Paleo - aka "the caveman diet", this nutrition program is in the short run less restrictive than Atkins and Ketogenic in terms of carb restriction but does lay out more guidelines in terms of foods to be avoided such as grains, dairy, potatoes, legumes, processed foods, refined sugar, and refined vegetable oils. If you're asking yourself what that leaves room for it's fairly simple...eat like a caveman would have. Approved foods include grass-fed meats, fish/seafood, fruits, vegetables, eggs, healthy oils, and nut/seeds. Another guiding principle of this diet...the 85:15 rule... allows for some flexibility with non-approved foods, where 85% percent of your diet comes from Paleo approved foods and 15% can be non-Paleo. This roughly equates to 3 non-Paleo meals per week.
Slow Carb Diet - this diet was introduced by Tim Ferris in his best-selling book "The 4-Hour Body". The key premise is that you follow the rules of a low-carb diet for six consecutive days, followed by a "cheat day" where all bets are off. It allows for some flexibility on dairy products such as cottage cheese, low glycemic carbohydrates like lentils/black beans, and last but not least up to two glasses of red wine daily. The one cheat day per week allows you to eat as many non-approved foods as you'd like. This diet is based on 5 rules...
1. Avoid white carbohydrates - breads, pastas, cereals, oats, etc
2. Eat the same meals repeatedly - mix and match proteins, legumes, vegetables, healthy fats, and spices
3. Don't drink calories - only water and calorie free beverages
4. Don't eat fruit - as fructose can delay the weight loss process
5. Have a cheat day - eat any foods that you enjoy after 6 days of consecutive low carb days
Vegan - since most low carb diets only require a moderate protein intake, it's still possible to reap the benefits of nutritional ketosis even if you're averse to eating meat.
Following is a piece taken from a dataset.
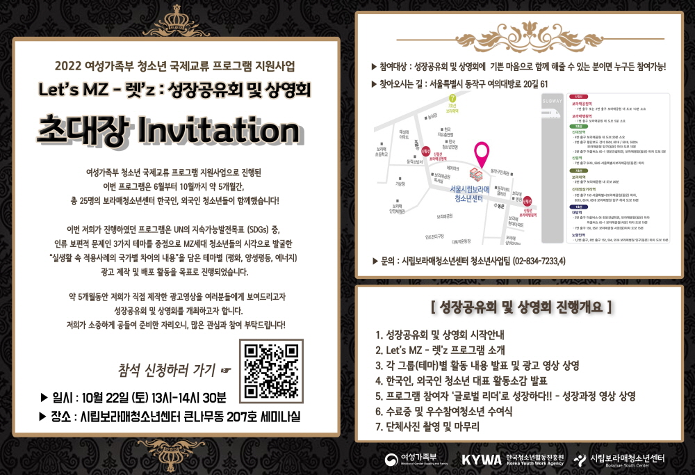 | [¾È³»] û¼Ò³â ±¹Á¦±³·ù ÇÁ·Î±×·¥ Áö¿ø»ç¾÷ : Let's MZ - ¼ºÀå°øÀ¯È¸ ¹× »ó¿µÈ¸ ¾È³» ¹× Âü¿©½Åû ¾È³» | |||

Low carb tofu, meat substitutes, protein powders, nuts/seeds, nut based vegan cheese and yogurts, and hemp hearts are all adequate plant centered protein sources that are lower in carbohydrates. While you may have to adjust your ratio of protein/carbs to allow for a slightly higher carbohydrate intake (especially for legumes), you'll still be getting the bulk of your calories from healthy fats such as oils, avocados, and nuts. Because vitamins and minerals in a traditional vegan diet typically come from high carb sources it's recommended to take a multivitamin and omega-3 supplement to get enough necessary micronutrients.